- _TASK INSTRUCTIONS_
Return the listing exactly as it appears, but strip out the images.

- _COLLECTED DATA_
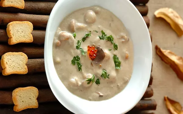 パンとの相性がバツグンなキノコのポタージュ。まったりとした食感とキノコの香りを楽しめる一品です。このレシピで使用するキノコは、乾燥ポルチーニ茸とマッシュルーム、ホワイトシメジ、ナメコ。一度に4つのキノコの風味を堪能できます。
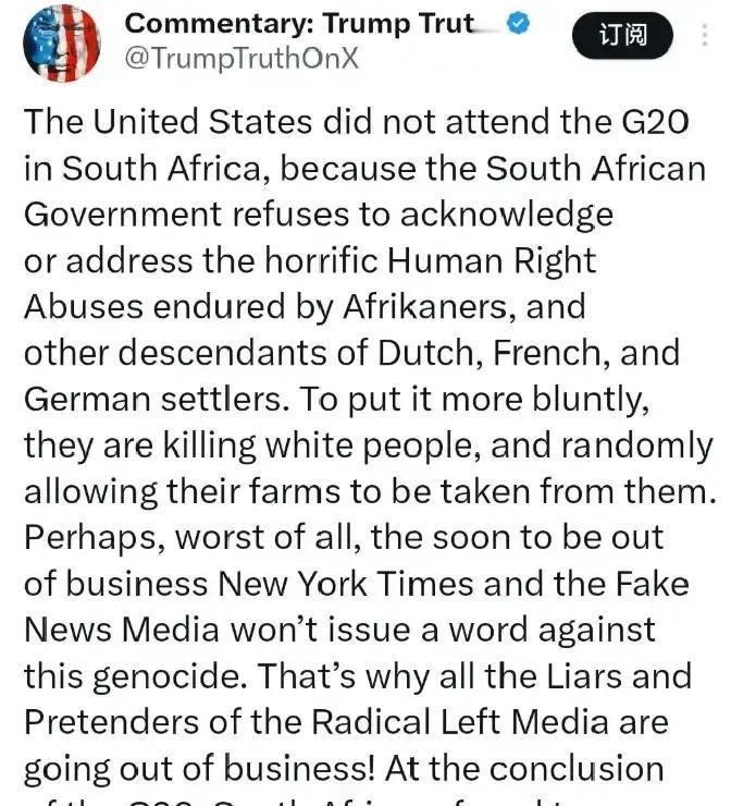 特朗普又要搞事情,北京时间11月27日(今天),美国总统特朗普发文说:“美国没有出席南非G20峰会,根据我的指示,明年白宫也不会邀请南非来参加美国G20峰会。” 我看到这条消息第一反应是震惊,第二反应是去核实。我联系了在约翰内斯堡做矿产贸易的朋友,他说当地讨论最多的不是G20,而是电力、治安和就业。农场冲突确实有,但被简化成种族对立,容易走偏。现实更复杂,历史、土地政策和利益集团纠缠在一起。 特朗普把矛头指向媒体,这很符合他的风格。把舆论战打成主战场,能迅速聚集支持者,但问题是国际议程不会只靠喊话推进。G20是多边平台,主办国有话语权,但要把一个成员彻底排除,涉及程序和共识,不是一个帖子就能定。 如果美国真的停止对南非的资金和合作,影响不只在政治。矿产供应、医药项目、教育交流都会受波及。我的朋友担心最直接的是合同履约风险,美元结算一旦卡住,现金流会立刻紧张。你以为是地缘政治,其实很多企业只是想按时发工资。 这事还有一个悬念:明年美国主办的峰会到底怎么安排?是把南非排除在核心会场之外,还是降级参与,或者干脆设一个“技术工作组”的名义绕过去?多边场合很讲究面子,哪怕不想合作,也会用流程处理情绪。 今年美国缺席,会议照样推进了数字税、能源转型等议题。加拿大领导人在会上说得很直接:没有一个国家,事务也得继续。这个表态不是“反美”,而是提醒大家,多边机制不能被个别人的情绪绑架。越是在全球经济不稳的时候,越要看结果。 我个人不赞成把南非问题简单贴标签。白人农场主遇到的暴力是真实的,南非政府的治理问题也真实,但用极端话术去否定一个国家的资格,只会让对话更难。超级大国如果想带节奏,最好是拿出方案,而不是撒手不管再甩锅媒体。 也别忽视美国国内的盘算。对外强硬可以转移部分注意力,但如果因此错过重塑影响力的机会,代价最后还是由美国企业和消费者承担。通胀没完全消退,供应链还在修复阶段,多制造一个外部变量,不是聪明选择。 接下来我会盯这几件事:白宫是否发布正式函件,南非政府的回应措辞,G20秘书处的态度。三方谁先释放善意,局面就会缓一缓。如果三方都强硬,那就准备迎接一场外交硬仗,市场也会给出反应。 最后提醒大家,别被情绪带着走,真实世界的变化往往在细节里。等下一波消息出来,我们再聊谁在让步,谁在试探底线。
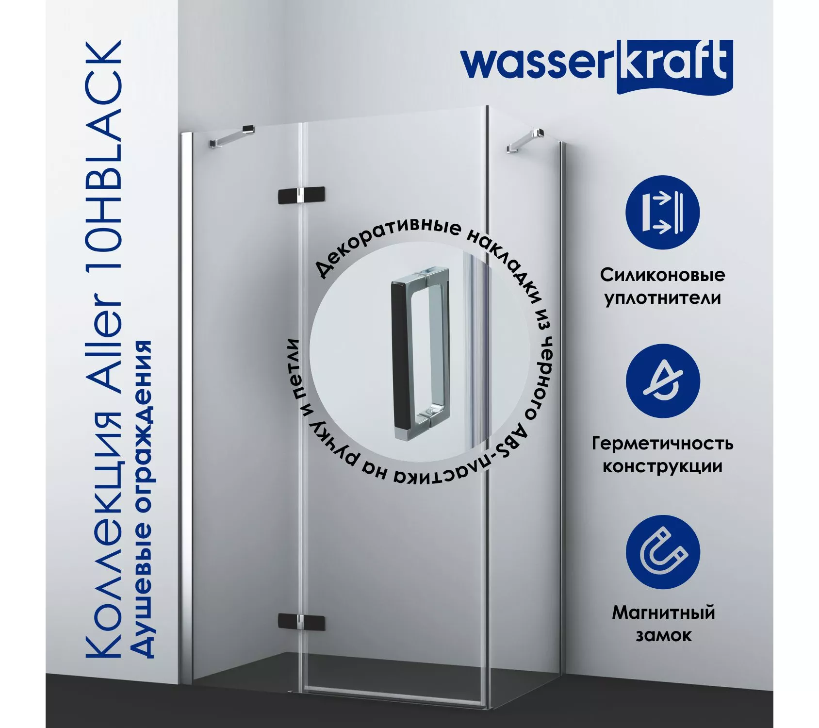 3) Механизм легкой чистки С внутренней стороны душевого уголка петли установлены заподлицо. Это делает уход за поверхностью душевого уголка простым и доступным.

- _RESULT OF THIS EXERCISE_
 パンとの相性がバツグンなキノコのポタージュ。まったりとした食感とキノコの香りを楽しめる一品です。このレシピで使用するキノコは、乾燥ポルチーニ茸とマッシュルーム、ホワイトシメジ、ナメコ。一度に4つのキノコの風味を堪能できます。
 特朗普又要搞事情,北京时间11月27日(今天),美国总统特朗普发文说:“美国没有出席南非G20峰会,根据我的指示,明年白宫也不会邀请南非来参加美国G20峰会。” 我看到这条消息第一反应是震惊,第二反应是去核实。我联系了在约翰内斯堡做矿产贸易的朋友,他说当地讨论最多的不是G20,而是电力、治安和就业。农场冲突确实有,但被简化成种族对立,容易走偏。现实更复杂,历史、土地政策和利益集团纠缠在一起。 特朗普把矛头指向媒体,这很符合他的风格。把舆论战打成主战场,能迅速聚集支持者,但问题是国际议程不会只靠喊话推进。G20是多边平台,主办国有话语权,但要把一个成员彻底排除,涉及程序和共识,不是一个帖子就能定。 如果美国真的停止对南非的资金和合作,影响不只在政治。矿产供应、医药项目、教育交流都会受波及。我的朋友担心最直接的是合同履约风险,美元结算一旦卡住,现金流会立刻紧张。你以为是地缘政治,其实很多企业只是想按时发工资。 这事还有一个悬念:明年美国主办的峰会到底怎么安排?是把南非排除在核心会场之外,还是降级参与,或者干脆设一个“技术工作组”的名义绕过去?多边场合很讲究面子,哪怕不想合作,也会用流程处理情绪。 今年美国缺席,会议照样推进了数字税、能源转型等议题。加拿大领导人在会上说得很直接:没有一个国家,事务也得继续。这个表态不是“反美”,而是提醒大家,多边机制不能被个别人的情绪绑架。越是在全球经济不稳的时候,越要看结果。 我个人不赞成把南非问题简单贴标签。白人农场主遇到的暴力是真实的,南非政府的治理问题也真实,但用极端话术去否定一个国家的资格,只会让对话更难。超级大国如果想带节奏,最好是拿出方案,而不是撒手不管再甩锅媒体。 也别忽视美国国内的盘算。对外强硬可以转移部分注意力,但如果因此错过重塑影响力的机会,代价最后还是由美国企业和消费者承担。通胀没完全消退,供应链还在修复阶段,多制造一个外部变量,不是聪明选择。 接下来我会盯这几件事:白宫是否发布正式函件,南非政府的回应措辞,G20秘书处的态度。三方谁先释放善意,局面就会缓一缓。如果三方都强硬,那就准备迎接一场外交硬仗,市场也会给出反应。 最后提醒大家,别被情绪带着走,真实世界的变化往往在细节里。等下一波消息出来,我们再聊谁在让步,谁在试探底线。
 3) Механизм легкой чистки С внутренней стороны душевого уголка петли установлены заподлицо. Это делает уход за поверхностью душевого уголка простым и доступным.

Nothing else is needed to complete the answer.